So far, so good, everything works really well. But now I want to get away from MAMP and have setup a home linux server. Got another 4tb T7, formatted as exFAT and am cloning one of the APFS disks to it. But this really isn't cutting it; after 46 hours, it's only copied 23 million files (530gb). More concerning, the Finder only reports about 800 gb of free space on the target exFAT disk. I did an earlier test trying to clone a 1tb disk with a subset of my site to a 2tb disk with CCC and it stopped with a "disk full" error after awhile. How do you run out of space cloning a 1tb disk to a 2tb disk? Looks like I'm headed for the same problem with the 4tb disk.

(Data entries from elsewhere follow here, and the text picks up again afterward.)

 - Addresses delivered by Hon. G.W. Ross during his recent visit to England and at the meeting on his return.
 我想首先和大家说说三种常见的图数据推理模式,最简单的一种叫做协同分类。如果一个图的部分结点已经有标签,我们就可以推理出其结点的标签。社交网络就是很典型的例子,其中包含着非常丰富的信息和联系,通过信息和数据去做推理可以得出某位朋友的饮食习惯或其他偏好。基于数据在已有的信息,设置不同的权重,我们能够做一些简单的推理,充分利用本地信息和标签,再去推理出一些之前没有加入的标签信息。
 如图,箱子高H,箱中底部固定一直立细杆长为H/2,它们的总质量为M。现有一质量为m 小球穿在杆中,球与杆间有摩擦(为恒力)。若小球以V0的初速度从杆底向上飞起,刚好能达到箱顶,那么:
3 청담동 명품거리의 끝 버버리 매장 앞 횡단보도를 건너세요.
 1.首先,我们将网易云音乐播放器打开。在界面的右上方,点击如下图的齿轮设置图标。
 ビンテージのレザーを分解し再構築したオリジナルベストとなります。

So, what's the best way to copy 142 million files from an APFS disk to an exFAT disk? This CCC clone is so slow, seems like I could sftp the files to the linux box just as quickly. Would rsync be a solution? Could do that with the terminal on the Mac, either directly to the exFAT disk or over the LAN to the linux machine (using gigabit ethernet). Don't really have any experience with that, but it seems like nothing could be any slower than what I'm doing now! :)

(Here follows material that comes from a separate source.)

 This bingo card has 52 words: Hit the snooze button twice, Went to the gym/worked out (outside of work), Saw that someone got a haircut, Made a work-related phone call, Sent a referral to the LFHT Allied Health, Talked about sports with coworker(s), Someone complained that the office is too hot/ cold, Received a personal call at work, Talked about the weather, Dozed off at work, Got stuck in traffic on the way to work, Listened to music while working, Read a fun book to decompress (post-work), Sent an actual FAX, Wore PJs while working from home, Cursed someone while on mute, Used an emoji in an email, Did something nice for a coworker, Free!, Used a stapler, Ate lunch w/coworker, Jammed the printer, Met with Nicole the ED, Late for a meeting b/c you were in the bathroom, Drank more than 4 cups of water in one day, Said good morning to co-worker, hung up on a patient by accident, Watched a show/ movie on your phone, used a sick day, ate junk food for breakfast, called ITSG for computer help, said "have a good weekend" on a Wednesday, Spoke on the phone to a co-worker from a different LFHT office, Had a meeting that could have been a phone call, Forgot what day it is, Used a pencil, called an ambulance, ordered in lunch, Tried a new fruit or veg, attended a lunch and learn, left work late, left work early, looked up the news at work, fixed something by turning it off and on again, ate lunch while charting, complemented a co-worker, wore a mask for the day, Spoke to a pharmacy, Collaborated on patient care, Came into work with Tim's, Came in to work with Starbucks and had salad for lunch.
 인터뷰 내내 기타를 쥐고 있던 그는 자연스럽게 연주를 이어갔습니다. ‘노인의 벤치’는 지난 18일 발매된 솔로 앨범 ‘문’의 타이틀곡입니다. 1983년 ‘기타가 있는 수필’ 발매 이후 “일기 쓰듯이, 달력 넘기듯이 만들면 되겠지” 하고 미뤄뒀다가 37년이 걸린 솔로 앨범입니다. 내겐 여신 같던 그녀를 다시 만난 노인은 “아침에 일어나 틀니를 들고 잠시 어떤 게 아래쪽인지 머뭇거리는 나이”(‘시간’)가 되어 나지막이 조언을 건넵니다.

[edit]I stopped the CCC copy, since that was clearly not going to work. But I would like to preserve the files I've already copied before switching to a different method. But the way things stand, there's just not going to be enough space on the disk. Here's the output from df in the terminal. /dev/disk3s1 is the source APFS-formatted 4tb T7, /dev/disk4s2 is the destination exFAT-formatted 4tb T7. Any idea what's going on here? I checked, and there are no snapshots

Screen Shot 2025-12-18 at 8.31.42 AM.png
 
Last edited:
It’s the allocation size specified when the disk was formatted. Think of allocation size as blocks. An individual file takes up a number of blocks. If your files are very small and your allocation block size is large, lots of space gets wasted. Disk Utility formats ExFat with an allocation block size of 4KB. This is fine for general use. ExFAT on Mac sucks for small files, especially millions of them because of the default allocation block size. Plus, there is no journaling which protects against data loss.

Why not tar gzip all these files into one or several tar.gz archive files. Text compresses greatly. Then copy your big archive files to disk. The one or few archive files will copy faster than individual small files. Then you can uncompress the archives on the target system.
 
Thanks, was thinking of trying something like that. When I had to setup a new server a couple years ago after the hosting company messed things up, I just uploaded the zip files I already had for each directory and unzipped them, which was much faster copying individual files.

But should I reformat the 4tb exFAT disk and specify a different block size? This is the 4tb disk containing the full site on the remote server

Would I need to use diskutil from terminal, or is there a way to do that with Disk Utility in MacOS? Or should I reformat the disk on the local linux box that I'm setting up (2018 Mini running ubuntu natively). Thanks for your insights!

[edit]If I use the diskutil info disk4s2 in terminal for the exFAT disk on my mac, it says:

Code:
Disk Size:             4.0 TB (4000769376256 Bytes) (exactly 7814002688 512-Byte-Units)
Device Block Size:           512 Bytes
Volume Total Space:        4.0 TB (4000645644288 Bytes) (exactly 7813761024 512-Byte-Units)
Volume Used Space:        3.3 TB (3251197313024 Bytes) (exactly 6349994752 512-Byte-Units) (81.3%)
Volume Free Space:         749.4 GB (749448331264 Bytes) (exactly 1463766272 512-Byte-Units) (18.7%)
Allocation Block Size:       131072 Bytes
 
Last edited:
The Allocation Block Size is 131072 (i.e. 128KiB). This means the smallest file (1 byte) will actually consume 128KiB, which is a single allocation block.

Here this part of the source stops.